What is Orthoptics?
Orthoptics is a specialized field in ophthalmology, dealing with very specific eye problems, such as amblyopia (reduced vision in one or both eyes), crossed eyes, strabismus (misalignment of the eyes) and diplopia (double vision).
The eye-care team
Orthoptists serve on eye-care teams, assisting ophthalmologists in the diagnosis and treatment of eye disorders. They perform specialized diagnostic eye tests to measure and assess defective binocular vision or abnormal eye movement in patients. They interpret the results of the tests and suggest treatment plans — eye exercises, patching regimens or other techniques to control eye movements.

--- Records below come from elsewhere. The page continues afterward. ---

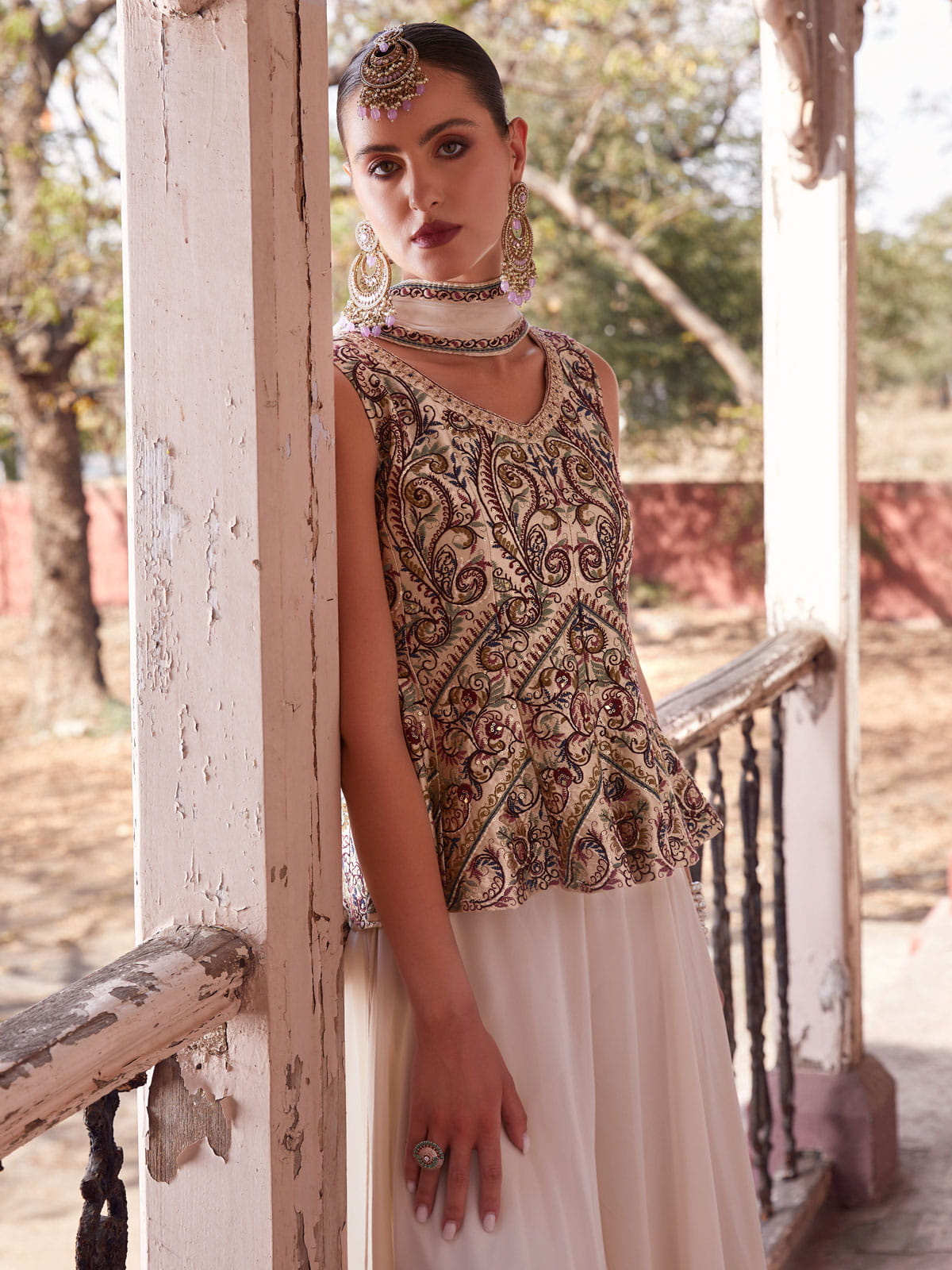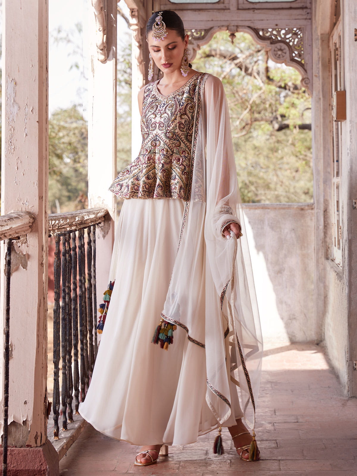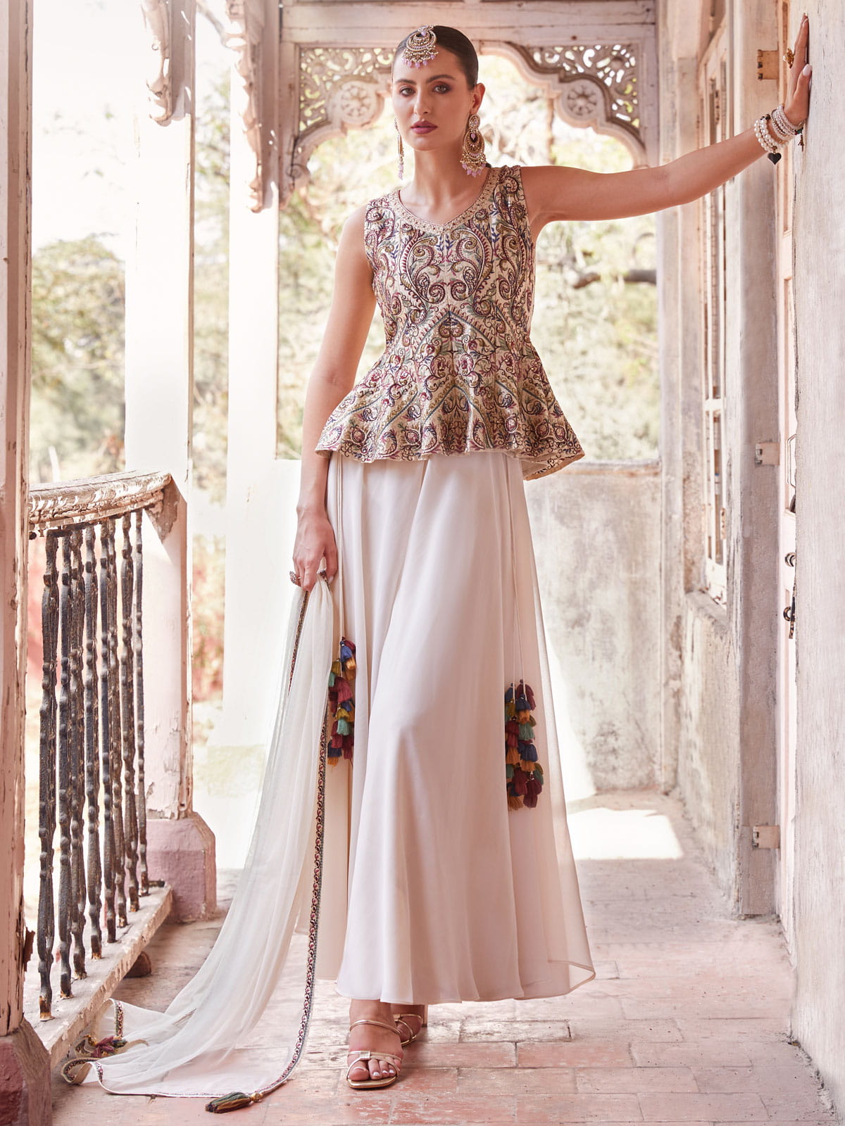 Expertly crafted for glamorous style and traditional elegance, this Off White Georgette Peplum Style Sharara Suit showcases delicate chikankari embroidery with resham thread, zari, and sequin work. The short length kurti-style georgette top is paired with a pleated georgette sharara bottom and a minimal border and tassel embellished dupatta, adding the perfect touch of sophistication. Elevate your look for the wedding season with stylish heels and studded earrings.
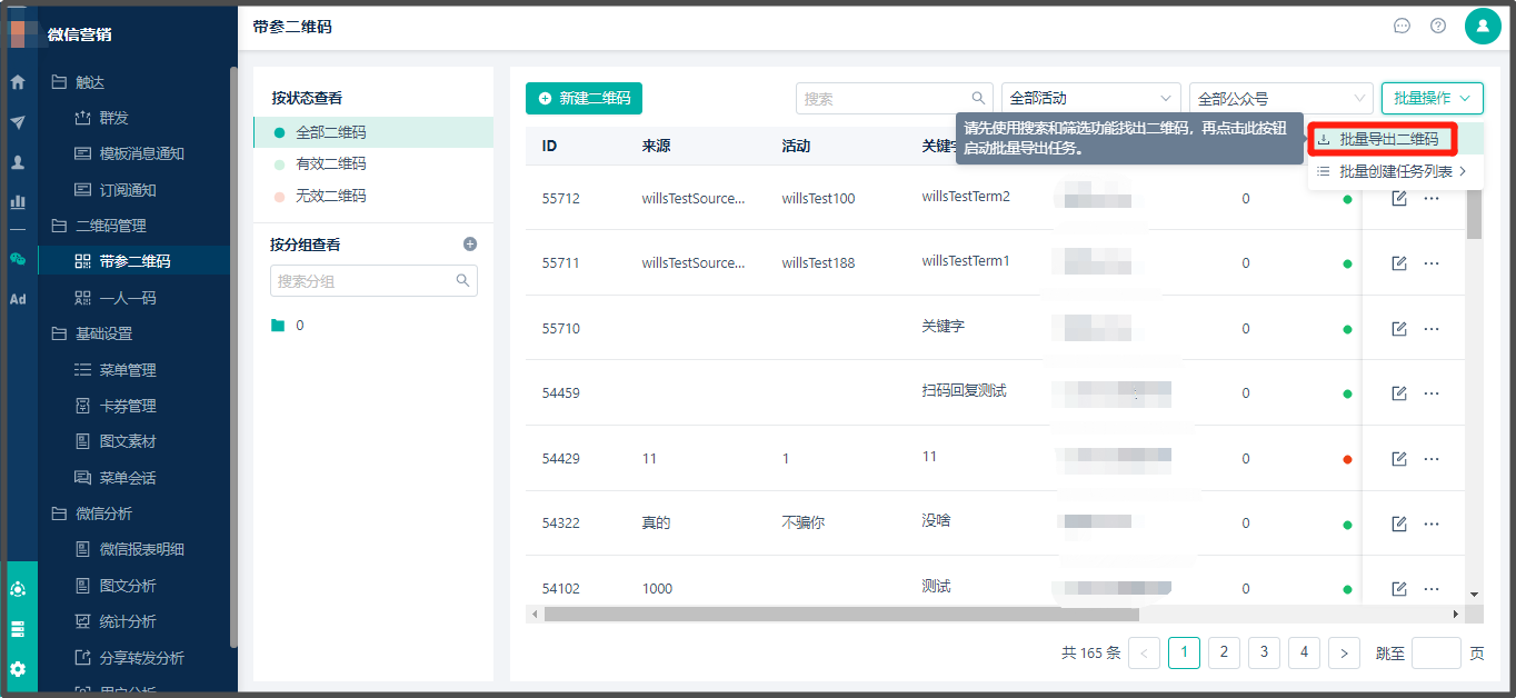 * 批量创建后直接导出路径:【微信营销】 > 【二维码管理】 > 【带参二维码】 > 批量导出二维码
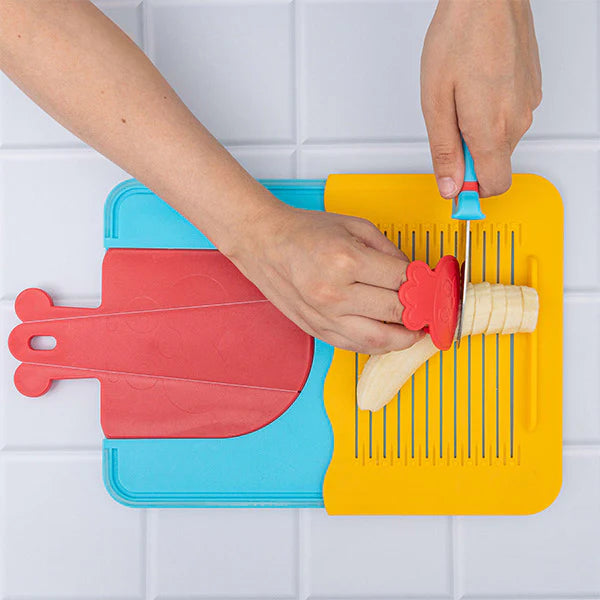 Préparez vos repas avec facilité et plaisir grâce à ce trio indispensable ! Le couteau pensé pour les petites mains coupe fruits, légumes et viandes, L'éplucheur ergonomique facilite le travail des petits cet des gros fruits et légumes. La planche à découper robuste permet de protéger votre plan de travail !
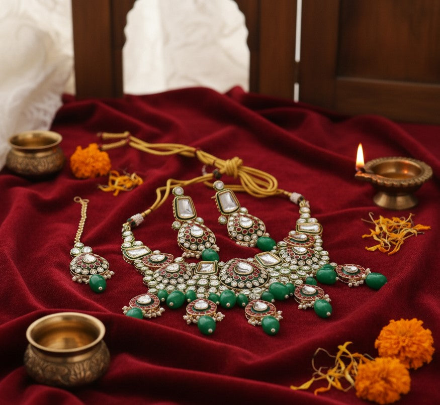The look is completed by cascading drops of large, polished Emerald-Green beads and delicate pearl clusters, which sway gracefully with every turn. The matching statement drop earrings perfectly mirror the necklace's opulent design, creating a complete and unforgettable look. A delicate Maang Tikka is also included, completing the traditional ensemble with grace.
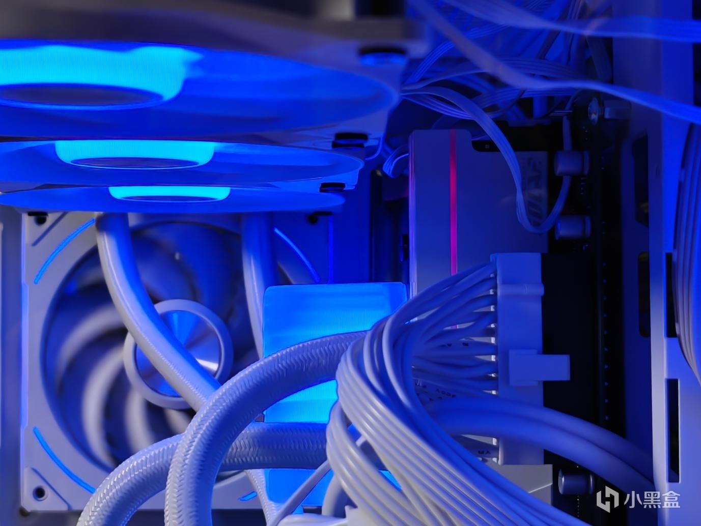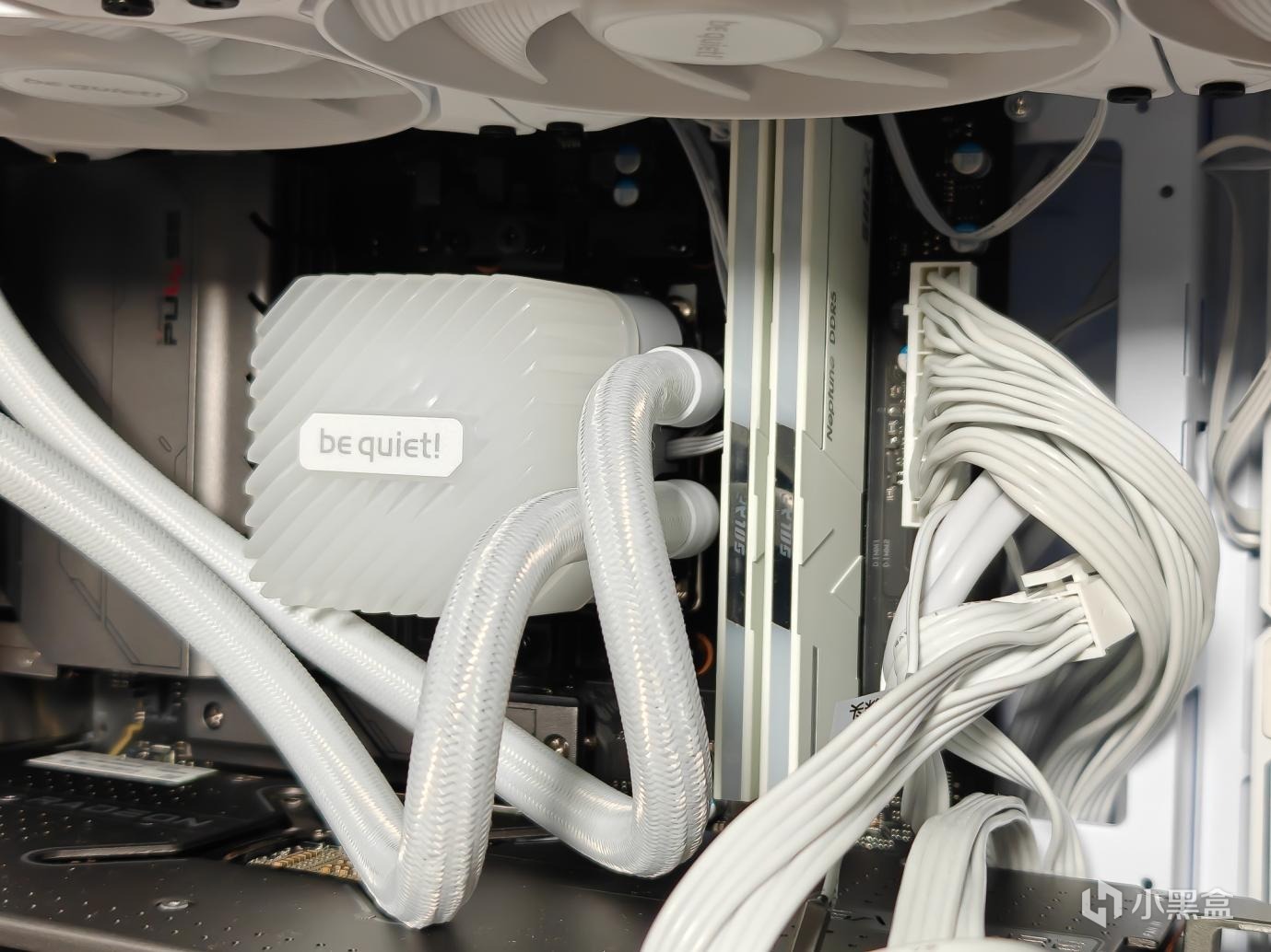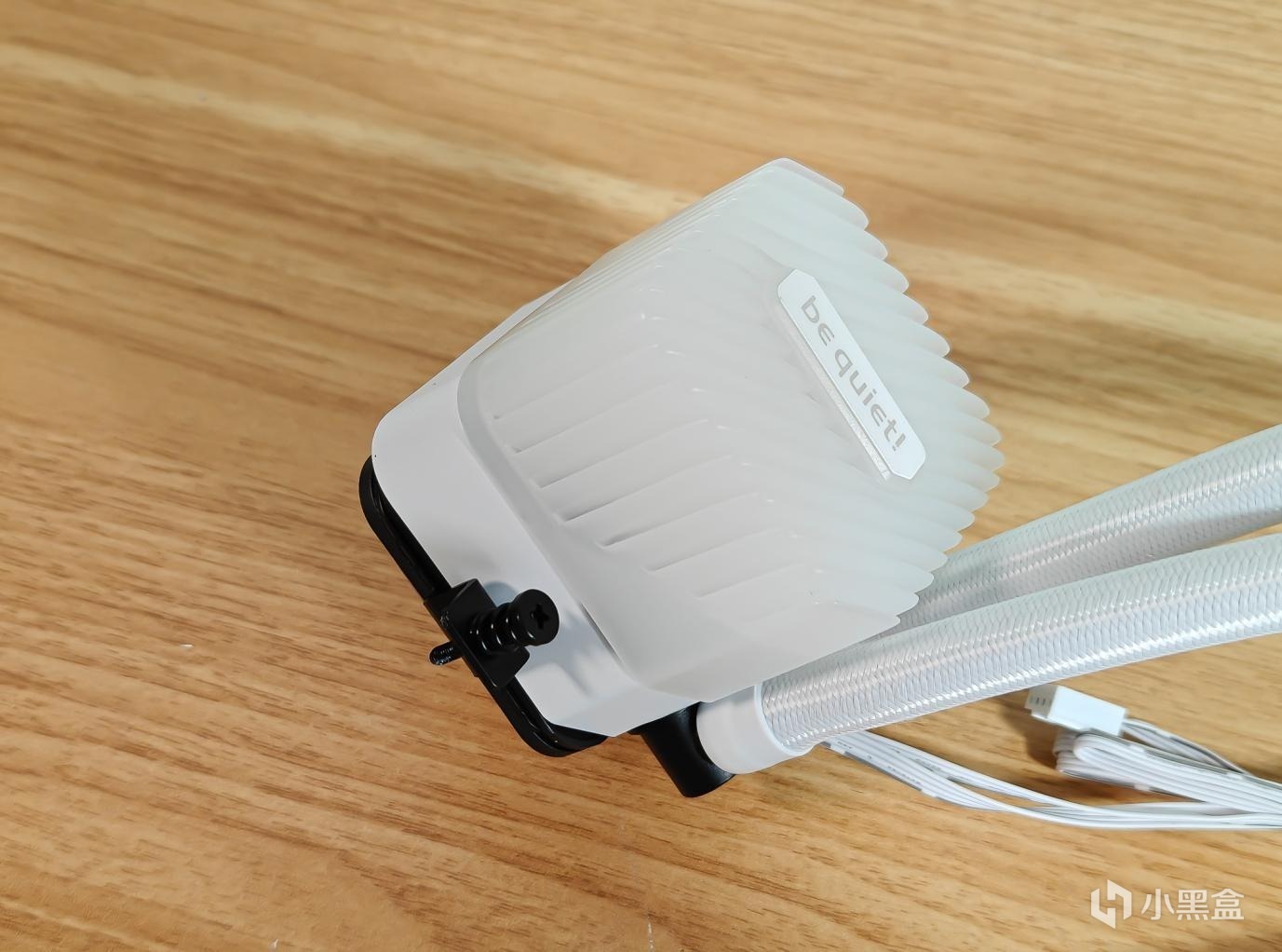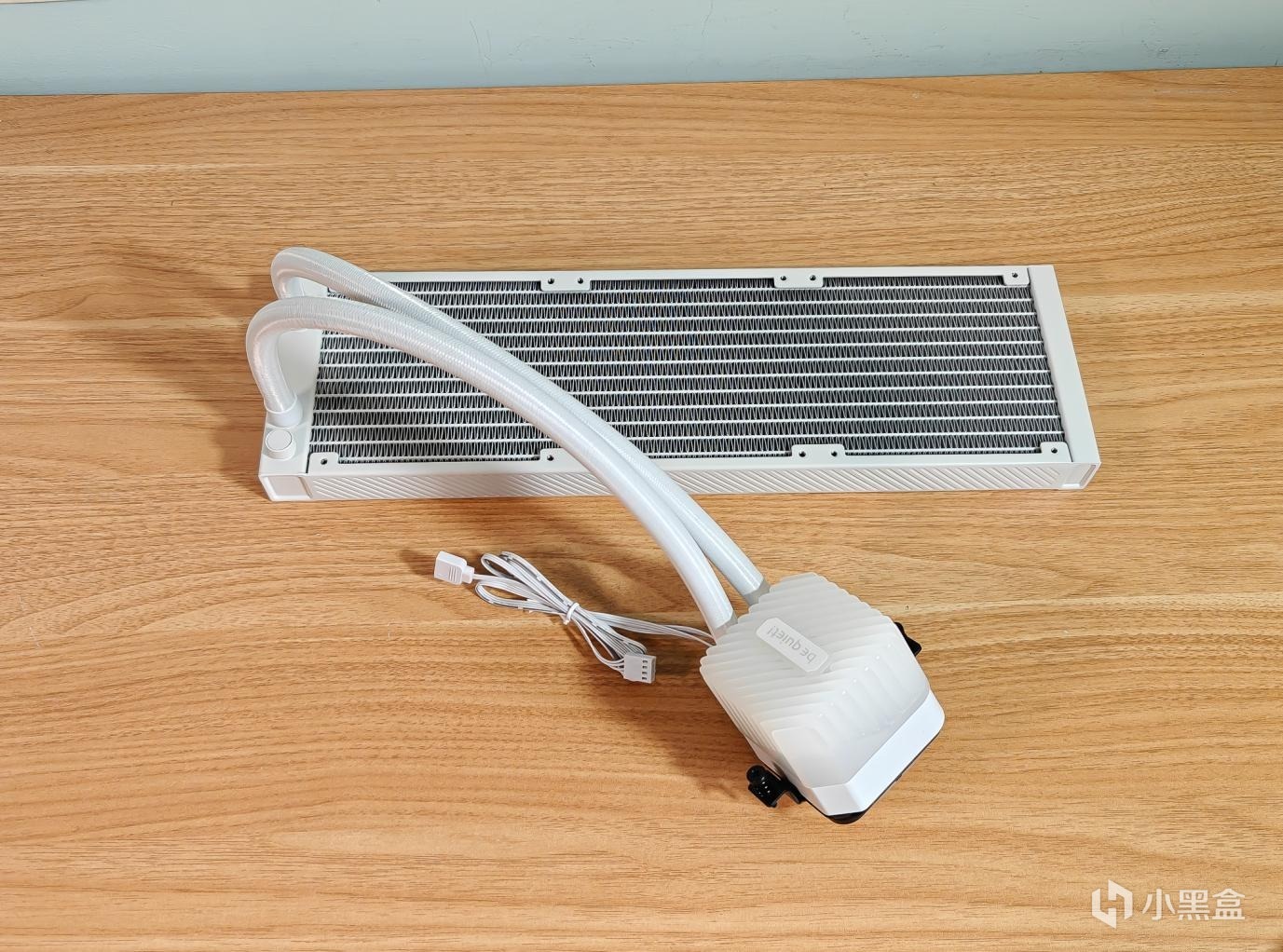 散热器使用了水冷散热器,是德商德静界的LIGHT LOOP 360水冷,白色款。德商德静界,源自德国,做电脑外设,品质超群,同时以产品运行安静而著称。这款水冷散热器是全白色的,还支持自己补充冷液。配件齐全,还有一个ARGB和风扇HUB ,支持连接6个风扇+6个ARGB接口。

The orthoptist acts as the liaison between the ophthalmologist and the patient, assisting in the explanation and execution of recommended treatments that can include special lenses, filters, prisms and exercises to help people correct their vision. They may be asked to implement non-surgical treatment plans and provide follow-up care.
Though most orthoptists have a great deal of autonomy, they do not practice independently. All orthoptists have an ophthalmology sponsor who accepts the ultimate responsibility for the care of each patient seen by the orthoptist.
Demand for orthoptists is high
According to the American Orthoptic Council, jobs are plentiful. It is not unusual for an orthoptic position to remain unfilled for several years, due to the shortage of certified orthoptists to meet the demand. Currently, there are not enough orthoptists entering the work force to replace those who are retiring, and new positions are frequently opening up across the country.